- Born: 22 March 1958 Kladanj, Yugoslavia
- Died: 24 April 2023 (aged 65)
- Occupation: linguist

= Senahid Halilović =

Bosnian-Herzegovinian scholar (1958–2023)

Senahid Halilović (Сенахид Халиловић; 22 March 1958 – 24 April 2023) was a Bosnian linguist and academician who was a member of the Academy of Sciences and Arts of Bosnia and Herzegovina. Halilović studied at the University of Belgrade where he acquired his PhD in Dialectology, exploring the East-Bosnian dialect. He published over one hundred professional and scientific papers in the field of dialectology.

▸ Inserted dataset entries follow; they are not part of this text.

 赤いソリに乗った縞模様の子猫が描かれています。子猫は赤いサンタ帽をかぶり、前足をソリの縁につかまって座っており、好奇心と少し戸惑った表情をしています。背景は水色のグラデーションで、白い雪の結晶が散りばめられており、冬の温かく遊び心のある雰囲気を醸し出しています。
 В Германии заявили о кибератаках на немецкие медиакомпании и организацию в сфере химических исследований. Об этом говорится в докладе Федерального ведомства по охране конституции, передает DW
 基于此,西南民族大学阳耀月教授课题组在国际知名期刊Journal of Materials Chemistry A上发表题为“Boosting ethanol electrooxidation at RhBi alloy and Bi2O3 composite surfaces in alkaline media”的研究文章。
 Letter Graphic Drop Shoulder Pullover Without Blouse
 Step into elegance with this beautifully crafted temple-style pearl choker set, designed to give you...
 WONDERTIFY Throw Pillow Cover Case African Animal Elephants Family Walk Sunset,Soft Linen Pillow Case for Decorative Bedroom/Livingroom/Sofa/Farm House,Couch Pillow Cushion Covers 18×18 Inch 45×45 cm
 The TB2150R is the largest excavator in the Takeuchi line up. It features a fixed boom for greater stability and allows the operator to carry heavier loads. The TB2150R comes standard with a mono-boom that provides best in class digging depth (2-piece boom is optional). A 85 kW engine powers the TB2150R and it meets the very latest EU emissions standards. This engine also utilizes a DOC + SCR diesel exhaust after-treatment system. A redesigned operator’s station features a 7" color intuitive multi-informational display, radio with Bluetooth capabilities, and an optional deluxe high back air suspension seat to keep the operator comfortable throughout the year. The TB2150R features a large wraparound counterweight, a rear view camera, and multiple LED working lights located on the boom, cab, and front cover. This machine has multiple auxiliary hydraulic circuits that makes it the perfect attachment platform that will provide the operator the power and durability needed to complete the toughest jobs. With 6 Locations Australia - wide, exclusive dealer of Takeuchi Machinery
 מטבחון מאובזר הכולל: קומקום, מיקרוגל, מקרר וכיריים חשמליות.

==Orthography of the Bosnian language==
Born in Kladanj on 22 March 1958, Halilović is best known for his contribution to the standardisation of the Bosnian language. His best known works are Orthography of the Bosnian language (Pravopis bosanskog jezika), The Bosnian language (Bosanski jezik) and Grammar of the Bosnian language (Gramatika bosanskoga jezika). Characteristics of this spelling is equidistance towards the Croatian and Serbian spelling and morphological prescriptions, and expressions that are held for the typical Bosnian norm (formalisation of the phoneme "h" in certain words in the Bosnian language as seen in the words mehko, lahko, kahva, mahrama). In the 2018 edition of the Orthography of the Bosnian language, Halilović accepted expressions without the phoneme "h" due to their prevalence in language practice, for which he was criticised by Bosniak prescriptivists and defended by other linguists.

==Slavic Committee==
Halilović was a founding member and president of the Slavic Committee (Bosnia and Herzegovina Association of Slavists) in Bosnia and Herzegovina. In September 2008, the Slavic Committee was officially inducted into the International Committee of Slavists, a scholarly organisation uniting various national committees of Slavists. Halilović was signatory of the Declaration on the Common Language of the Croats, Serbs, Bosniaks and Montenegrins.

==Death==
Halilović died on 24 April 2023, at the age of 65.

==Bibliography==
- Bosanski jezik, Baština, Sarajevo 1991.
- Pravopis bosanskoga jezika, Preporod, Sarajevo 1996.
- Bosanskohercegovački dijalektološki zbornik : Govorni tipovi u međuriječju Neretve i Rijeke dubrovačke - knjiga VII, Institut za jezik, Sarajevo 1996.
- Gnijezdo lijepih riječi: Pravilno - nepravilno u bosanskom jeziku, Baština, Libris, Sarajevo 1996.
- Gramatika bosanskoga jezika, Dom štampe, Zenica 2000.
- Govor grada Sarajeva i razgovorni bosanski jezik, Slavistički komitet, Sarajevo 2009.
- Pravopis bosanskoga jezika, Slavistički komitet, Sarajevo, 2018.